What about Tom - I ran in to Tom again on Sunday. As soon as I saw him, I giggled. He gave me his now patented sideways glance. This time I wasn't going to let him ignore me. I commented that we needed to stop meeting like this. His response was that he didn't even know me. What?! He's a sly one, Mr. Tom. I, again, reminded him of when and where we met. Then, Tom resuscitated himself, and listed off all the places we had seen each other in the last several weeks. Surprise! He even mentioned the dentist's office where he spoke to my dad at length. There was eye contact for a mere moment, however, I cannot be sure. I may have blinked my eyes and thought I saw his eyes. I promised that I wasn't stalking him. Did I hear a noise? A laugh, perhaps? Tom said that he would only worry about that if he sees me on the slopes in Connecticut in two weeks. Yep, ya never know.
The Snooze Button - Just who invented this nasty device? Every night as I'm setting my alarm, I plead with myself not to touch the snooze button in the morning. I must not be a very good listener, or have a problem understanding myself, because sure enough, I'm slapping that snooze button silly every blasted morning. At times, I try to trick myself - hard to do when it's yourself! - and set the alarm 10 minutes earlier knowing that I'm going to open a can of whoop ass on that darn snooze button the following morning. Hasn't worked yet. I have even resorted to placing my alarm clock in a not-so-strategic location in my bedroom so that I cannot reach over and wail on that button. I am actually forced to throw off the bed covers, get my lazy rear out of bed, and begrudgingly shuffle over to where I placed that offensive clock. That lasted one time. I'm heading to Target today with my youngest son, and I am going to cruise through the alarm clock aisle looking for an alarm clock without a snooze button. It'll be hard, because I'm sure my unsuspecting hand will want to pound each and every one of those offensive buttons!

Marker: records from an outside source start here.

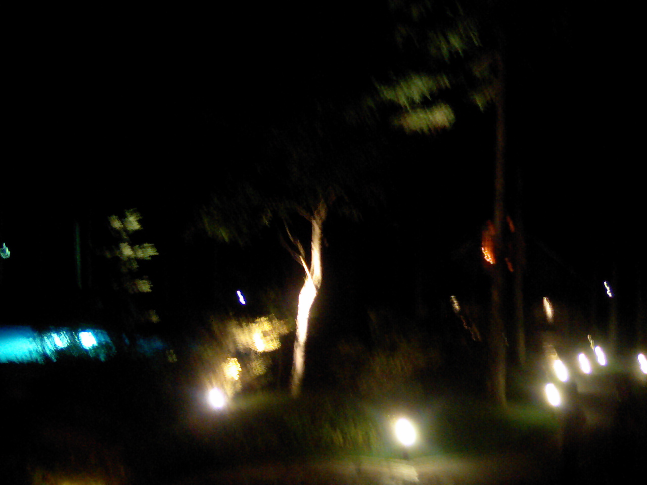 夜の教会とプールです。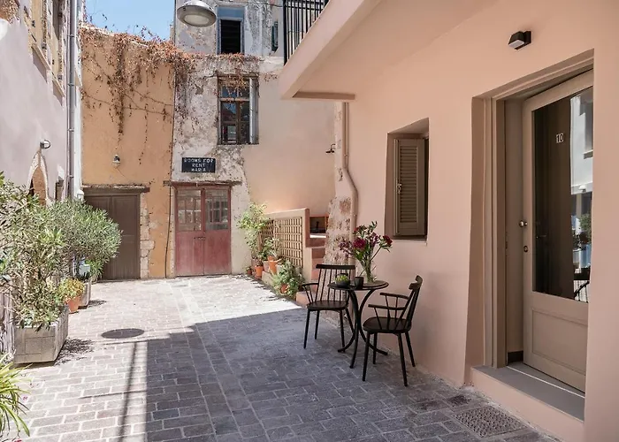 Das 4-Sterne-Hotel Anaem Eclectic Rooms Chania, das eine eigene Kunstgalerie bietet, liegt in einer Entfernung von 15 Gehminuten vom Strand von Nea Chora.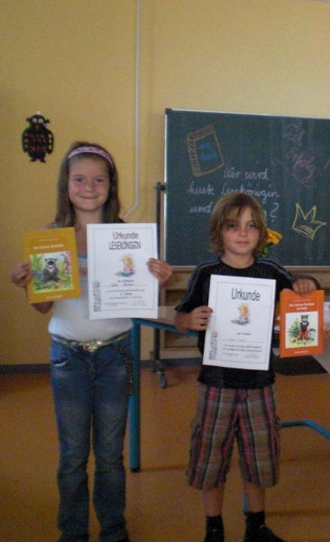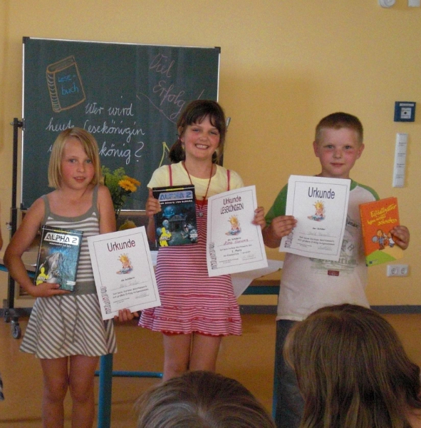 Stolz können wir berichten, dass sich auch in diesem Schuljahr 2011/2012 zahlreiche Schülerinnen und Schüler an unserem Lesewettbewerb beteiligten. Zuerst wurden die tollsten „Lesekönner“ in den einzelnen Klassen ermittelt. Die besten Leser jeder Klasse stellten sich anschließend der Wahl zur Lesekönigin oder zum Lesekönig. Am 29.Juni war es dann endlich soweit. Vor vielen Zuhörern zeigten sie ihr Können. Die Jury hatte es sichtlich schwer aus den fantastischen Vorträgen, den besten Leser zu bestimmen. Am Ende wurden:

Email - How is it possible for email to suck up so much of my time? Usually, I have just one email I need to check on or I am waiting for an email. I think to myself that I have 10 minutes to perform this task. Two hours later, I am still sitting at the computer reading. watching, or forwarding email attachments that I receive from my friends. Wait a gosh darn minute! I'm suppose to be doing something ... now, what was it?! Email is a time sucker! One email begets another email. It's neverending. Sometimes, as I am trying to diligently work on a project, I'll get an IM. I have to respond. There goes another 15-30 minutes!Maybe, I should follow the FlyLady's advice (that was a New Year's resolution) and plant a timer next to me. This way, I can set the timer for 10 or 15 minutes, and stop emailing when the timer goes off. I'll let you know how it goes!